# Dealing with not riding?



## Sweatie Petey (Nov 4, 2012)

I hurt my back about a month and a half ago.. The doctor thinks it could be a stress fracture. I have to get an MRI.. :/ Riding hurts my back SO bad, and my mom and doctor they dont think I should ride until I get the MRI. I am dieing because I cant ride.. Any ideas on how to get over thing? LOL


----------



## tinyliny (Oct 31, 2009)

if it hurts that bad, your body is telling you something; rest! you will only delay the healing process if you keep riding. 

spend your time here , instead!


----------



## MyBoySi (Dec 1, 2011)

I haven't ridden in months due to being pregnant.
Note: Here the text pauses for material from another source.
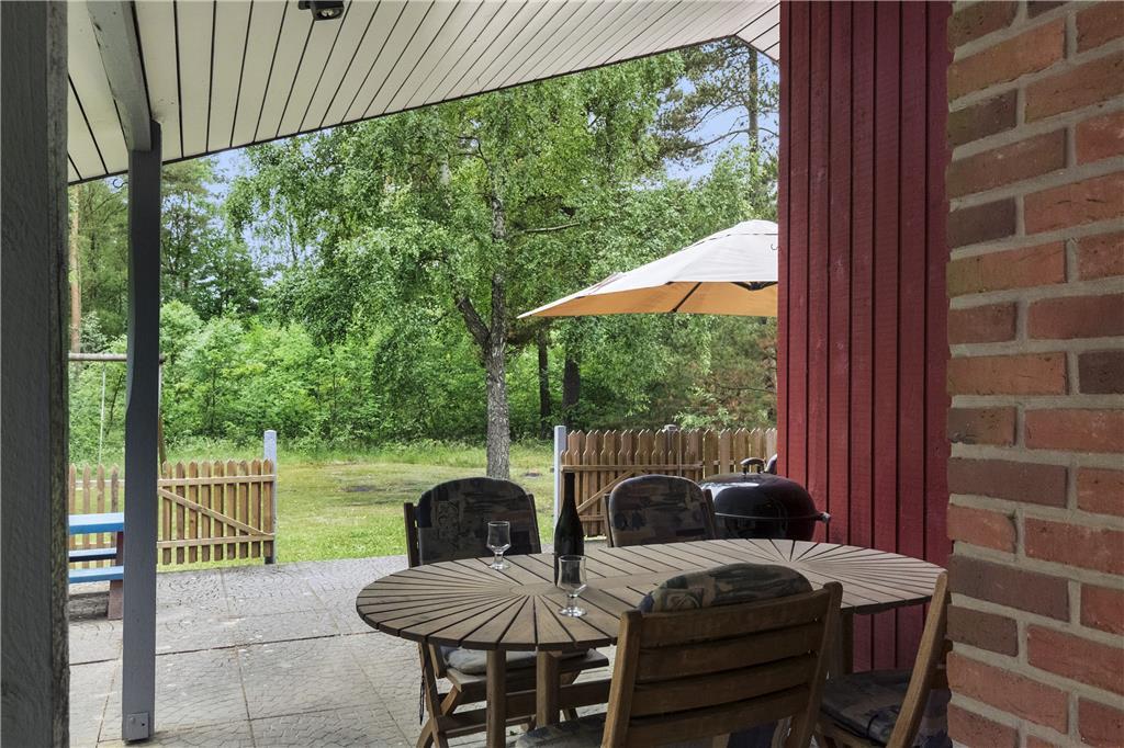 Grunden er en hyggelig lille have og den ligger afskærmet fra de nærmeste naboer, så man kan være sig selv og bare nyde freden og roen. Terrassen og haven er indhegnet, hvorfor huset egner sig særdeles godt, hvis man har hund med eller små energirige børn. På husets overdækkede terrasse er der god plads til grill, afslapning og rendyrket råhygge! Naturen er allestednærværende og blot en kort gåtur fra huset ligger Kattegats kyst og områdets skønne natur.

I still go groom my horses, easy ground work and do light barn chores (although not lately, due in 10 days yay) 

For me any time with my horses had been better then nothing even if I'm not riding.


----------



## Saddlebag (Jan 17, 2011)

Oh, what an opportunity to spend time with a horse. Google Erin's Carolyn Resnick's Notes and open the menu on the left hand side starting with #1. Don't read past #3 at this time. This will help you develop a wonderful relationship with the horse.


----------



## Mulefeather (Feb 22, 2014)

I can't ride at this time either (well, I probably COULD if I really insisted on it, but due to health and fear issues I'm grounded for the time being). I'm looking at getting into miniatures and driving. 
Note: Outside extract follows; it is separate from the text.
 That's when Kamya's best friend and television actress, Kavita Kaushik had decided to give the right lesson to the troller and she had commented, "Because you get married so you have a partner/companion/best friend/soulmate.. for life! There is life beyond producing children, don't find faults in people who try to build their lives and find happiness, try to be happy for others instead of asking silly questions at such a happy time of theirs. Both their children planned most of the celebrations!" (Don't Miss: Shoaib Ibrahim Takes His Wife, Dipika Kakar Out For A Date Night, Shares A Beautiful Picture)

If you can, spend this time with your horse on the ground as much as possible. Hand-walking, light groundwork, maybe some trick training and carrot stretches to keep them limber and mentally stimulated.


----------



## faiza425 (Dec 21, 2012)

You could look into trick training. When my boy had an abscess, I taught him to 'smile'. Also, now's a good time to catch up on tack cleaning.


----------



## Sweatie Petey (Nov 4, 2012)

Thanks for the ideas!!  he needs a lot of ground work  I also need to celeb all my tack! 😁
_Posted via Mobile Device_


----------



## zookeeper1991 (Sep 11, 2012)

I don't know what shape you are in with an injured back, but when I can't ride, it's a good time to clean saddle pads, tack, brushes, etc... Hope you are feeling better soon!!


----------



## Sweatie Petey (Nov 4, 2012)

zookeeper1991 said:


> I don't know what shape you are in with an injured back, but when I can't ride, it's a good time to clean saddle pads, tack, brushes, etc... Hope you are feeling better soon!!


I can walk and stuff, but riding hurts like the devil.. I really need to clean my stuff!


----------



## Corazon Lock (Dec 26, 2011)

If you really can't DEAL with not riding, I would suggest just hopping on bareback and maybe walking around the pasture if you can cope with that or just sitting on your horse when he's at a halt. Works wonders for me!  

Otherwise, like everyone else said, great time to bond on the ground, do some groundwork, and clean the tack!


----------



## hornedfrog89 (Feb 17, 2014)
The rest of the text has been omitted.